Inicio
Cobertura informativa

Dos novelas diferentes, una savia común

por: Daniel Díaz Mantilla

Dar fe de una existencia a la sombra, en una ciudad casi anónima del sur americano; desnudar los conflictos comunes, los sueños, las frustraciones de una mujer en su afán por sobrevivir, una mujer que escribe una novela sobre su propia vida, sobre su propio mundo al margen: una novela espejo, una mujer y su entorno en el espejo, descubriendo su intimidad, mostrando los resortes que la impelen, los nexos que la atan, las carencias que llenan su tiempo... Eso es, en cierto sentido, Percusión y tomate, de la autora venezolana Sol Linares, que en 2010 obtuvo el Premio del Concurso Latinoamericano de Novela Alba Narrativa en su primera convocatoria.

Pero en cierto sentido, Percusión y tomate es más que el relato de las peripecias y pulsiones de una mujer.
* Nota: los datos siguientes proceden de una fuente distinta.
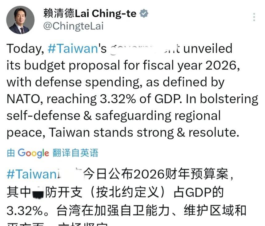 赖清德8月21日晚发文写道:“台湾当局今日公布2026财年预算案,其中防务开支(
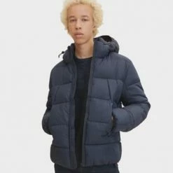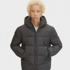 JACK & JONES Herren Jacke JJERECYCLE PUFFER COLLAR – Steppjacke, Kapuze, Einfarbig Grau
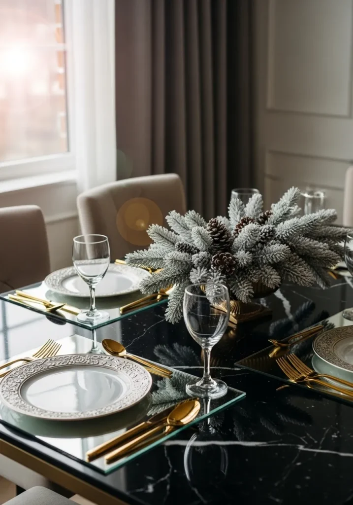 This table design combines glossy black marble with luxurious gold flatware, creating a stunning modern glam look. The mirrored placemats add a reflective glow, while the frosted pine centerpiece gives it that perfect Christmas touch without overwhelming the sleekness of the setup. Every element feels intentional, from the elegant glassware to the subtly textured dinner plates.
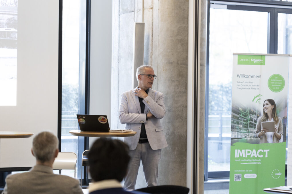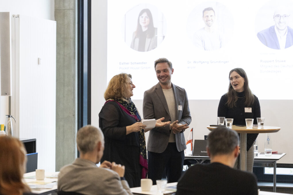 Im Mittelpunkt stand die Frage, wie Gebäude durch digitale Lösungen effizienter, transparenter und widerstandsfähiger werden können. Esther Schwedler, Dr. Wolfgang Gründinger und Pascal Biesenbach zeigten datenbasierte Steuerungsansätze ebenso auf wie organisatorische und regulatorische Herausforderungen.

Con un estilo que se distingue por su fluidez y una mirada aguda, mordaz e irónica a ratos, que profundiza hábilmente en la psicología de sus personajes, es también una radiografía del laberinto de lo cotidiano, con sus contextos sociales marcados por la frustración, el hastío, el lento e inevitable envejecer. Es, además, una suerte de crítica a los discursos dominantes de nuestra época y a las imágenes que esos discursos construyen sobre el ser femenino y su lugar en el mundo.

Sol Linares exhibe en esta novela una manera propia de narrar y la madurez de una sensibilidad que sabe moverse, sin caer en la trampa de los estereotipos, entre la sordidez de lo marginal y el glamour publicitario, para arrojar luz sobre la vida en una ciudad del interior venezolano.

Verde Alicia, del narrador y diseñador argentino Juan Pablo Fiorenza, distinguida con el Premio Alba Narrativa 2010, es un relato que atrapa y sorprende al lector desde las primeras páginas. Interesante, no solo por el hábil manejo de la fragmentación y los cambios de puntos de vista que contribuyen a crear esa atmósfera de creciente inquietud en que se desarrolla la trama, sino también por su capacidad para delinear en breves trazos, sin excesos descriptivos, un escenario donde oscuras fuerzas imponen su orden a través del control excesivo y un terror que no llega a ser explícito. Esta novela vuelve con audacia sobre uno de los temas que obseden al hombre contemporáneo: el abuso de las tecnologías y el poder, en especial, sobre los avances en el estudio genético de la conducta y sus implicaciones legales; es decir, sobre lo que significa ser humanos y libres.

La historia que nos cuenta Verde Alicia ocurre en un país imaginario que, después de todo, puede ser cualquier país en un futuro próximo. Su autor juega con elementos de la ciencia-ficción y el policíaco, aunque elude sus convencionalismos, sus salidas fáciles y previsibles, y esto hace que el lector se mantenga atento hasta el final, incapaz de anticipar el desenlace. Algo que, sin dudas, siempre se agradece.

Son, como usted puede ver, dos novelas diferentes, como diferentes son nuestras realidades, como diferentes son también las miradas y las voces que desde el sur de este hemisferio tratan de aprehender la naturaleza y las complejidades intrínsecas de la misteriosa experiencia de existir. Deseo que en sus sucesivas entregas, el Premio Alba Narrativa continúe trayendo a manos del lector esa diversidad saludable de estilos y circunstancias, de tradiciones y proyectos vitales, entre los que fluye, como una savia común, el ser de nuestra América.